5) What do you wish you would have known prior to undertaking this particular trip?

6) Any major gotchas or cautions?

Again, this needs to realistically fit his schedule without rushing or taking out of the ordinary risks. I'm trying to figure out where to have him buy his return ticket from, fully understanding that worst case scenario I could rent a car and drive him to whichever airport we choose!

I'm sure I'll have more questions as the time approaches but we're getting as much planning as possible done now.

Thanks!


----------



## bratzcpa (Oct 18, 2011)

To the Original Poster - I'm wondering where you are leaving from in NLO? Is the boat currently in the water there or on the hard? 

We plan to do your trip (except in reverse) and will be pulling the boat out of the water there (NLO) and loading on a trailer for trucking home. Just wondering if you have a good reference or suggestion for doing that?

thx,


----------



## capta (Jun 27, 2011)

Honestly, other than Edison's place in Ft Meyers, I can't think of a single 'must see' on the Fla gulf coast. Tampa Bay and St Pete were nice once, but just more of the same Fla over development these days. Marco Island was the second most inhospitable place in Fla, some years back, and I can't imagine it's gotten any better since.
The Everglades and the Shark River areas are mosquito infested swamps for the most part, not a very enjoyable places to visit unless those things don't bite you.
I'd probably dead head straight through to KW and spend my time in the Keys instead of west Fla.


----------



## CapnBones (Sep 20, 2010)

capta said:


> I'd probably dead head straight through to KW and spend my time in the Keys instead of west Fla.


I have to agree here, I have always been partial to the east coast, and even more so the keys, not a fan of the gulf side.


----------



## Bleemus (Oct 13, 2015)

Capta has it right. Point your boat at the keys and don't look back. 

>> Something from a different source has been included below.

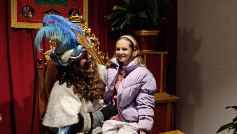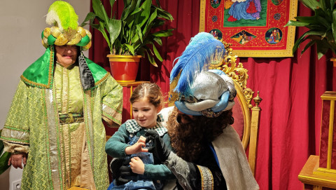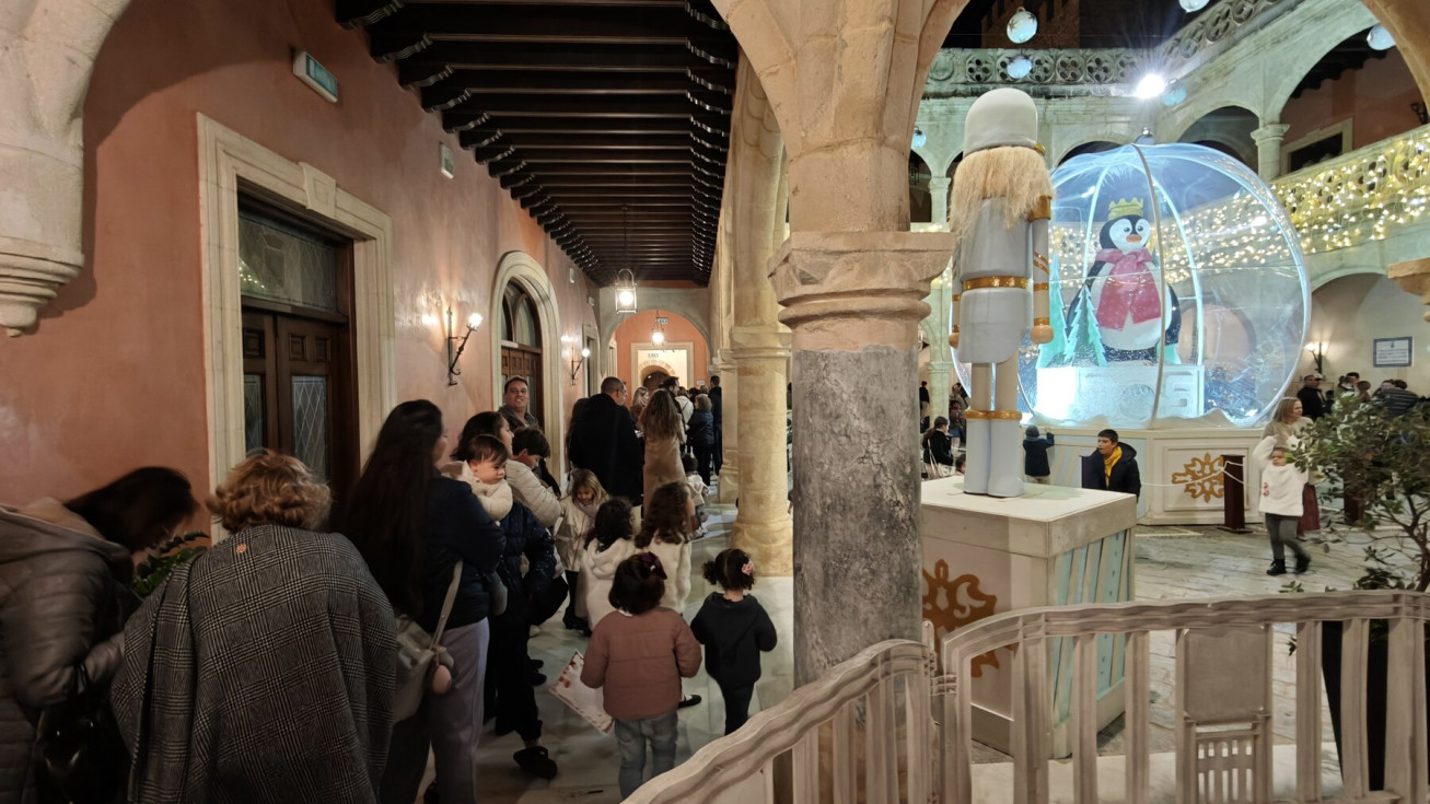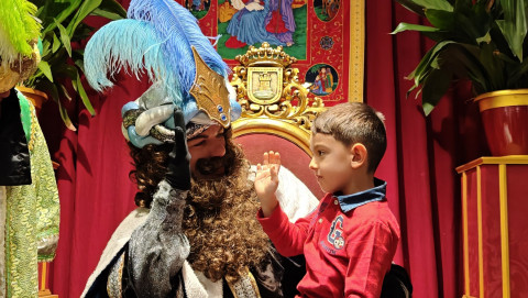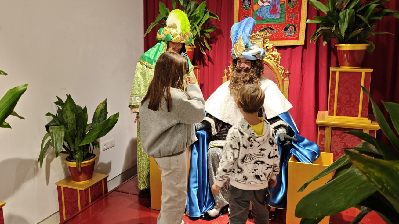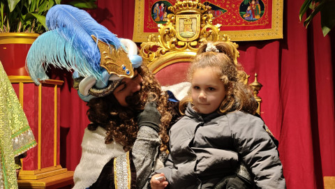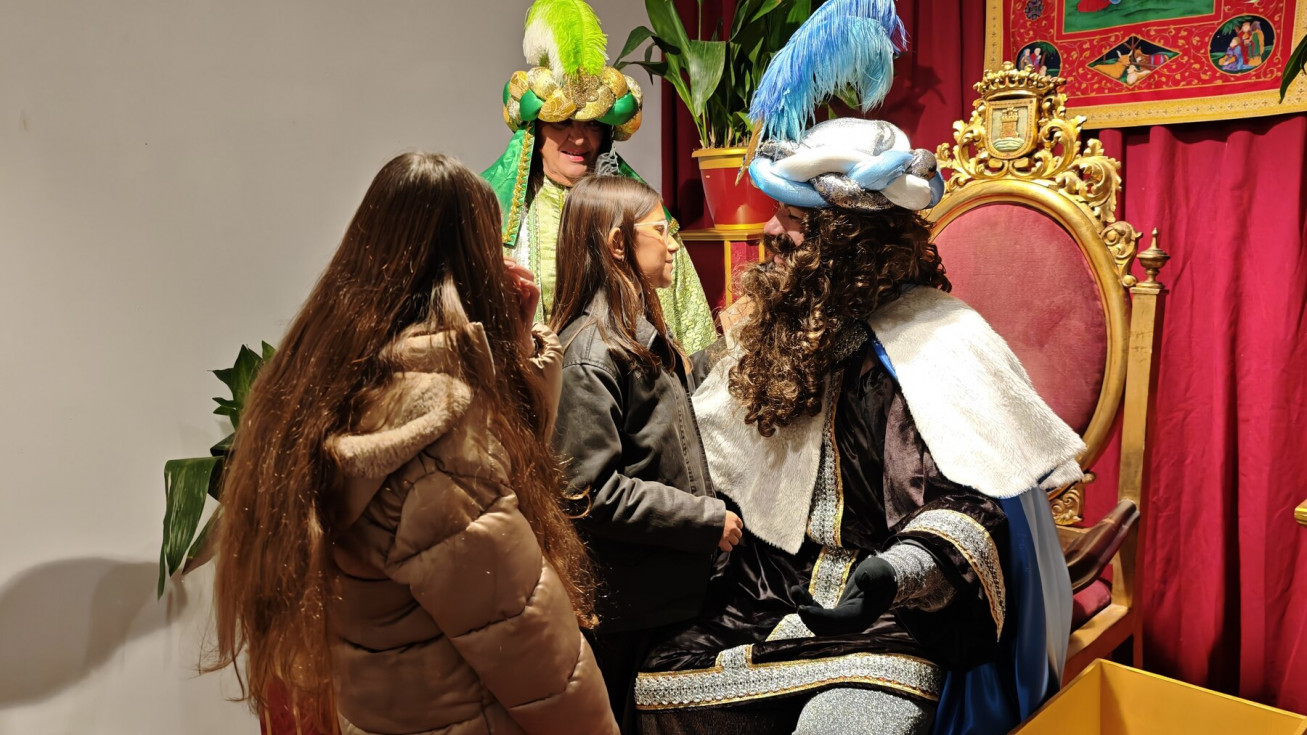Tras el pasacalle con el que ha recorrido la localidad lanzando pelotas y caramelos, el emisario de Sus Majestades ha ocupado el trono en el salón preparado en el Castillo de Luna, donde una larga cola de niños esperaban para verlo y entregar su lista de juguetes y deseos para el próximo 5 de enero.
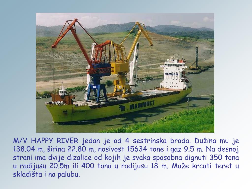 M/V HAPPY RIVER jedan je od 4 sestrinska broda. Dužina mu je 138.04 m, širina 22.80 m, nosivost 15634 tone i gaz 9.5 m. Na desnoj strani ima dvije dizalice od kojih je svaka sposobna dignuti 350 tona u radijusu 20.5m ili 400 tona u radijusu 18 m. Može krcati teret u skladišta i na palubu.

Sent from my iPad using Tapatalk


----------



## Effit (Apr 10, 2015)

bratzcpa said:


> To the Original Poster - I'm wondering where you are leaving from in NLO? Is the boat currently in the water there or on the hard?
> 
> We plan to do your trip (except in reverse) and will be pulling the boat out of the water there (NLO) and loading on a trailer for trucking home. Just wondering if you have a good reference or suggestion for doing that?
> 
> thx,


Sure, we are in Seabrook marina on the industrial canal next to lake Ponchartrain. This seems to be where lots of sailboats come for haul out.


----------



## Effit (Apr 10, 2015)

Thanks all for the suggestions. I think that is what we may end up doing is just pushing through to KW.


----------



## kwaltersmi (Aug 14, 2006)

CapnBones said:


> ...not a fan of the gulf side.


I AM a fan of the Gulf Coast. Charlotte Harbor, in particular is quite nice and has a few decent anchorages. Try the east side of Cayo Costa (state park) in Pelican Bay. Very protected and the hiking, beaches and fishing on and around Cayo Costa are excellent.


----------



## capta (Jun 27, 2011)

kwaltersmi said:


> fishing on and around Cayo Costa are excellent.


What is the price of a nonresident fishing license in Fla these days?


----------



## kwaltersmi (Aug 14, 2006)

capta said:


> What is the price of a nonresident fishing license in Fla these days?


A non-resident annual saltwater license is $47.


----------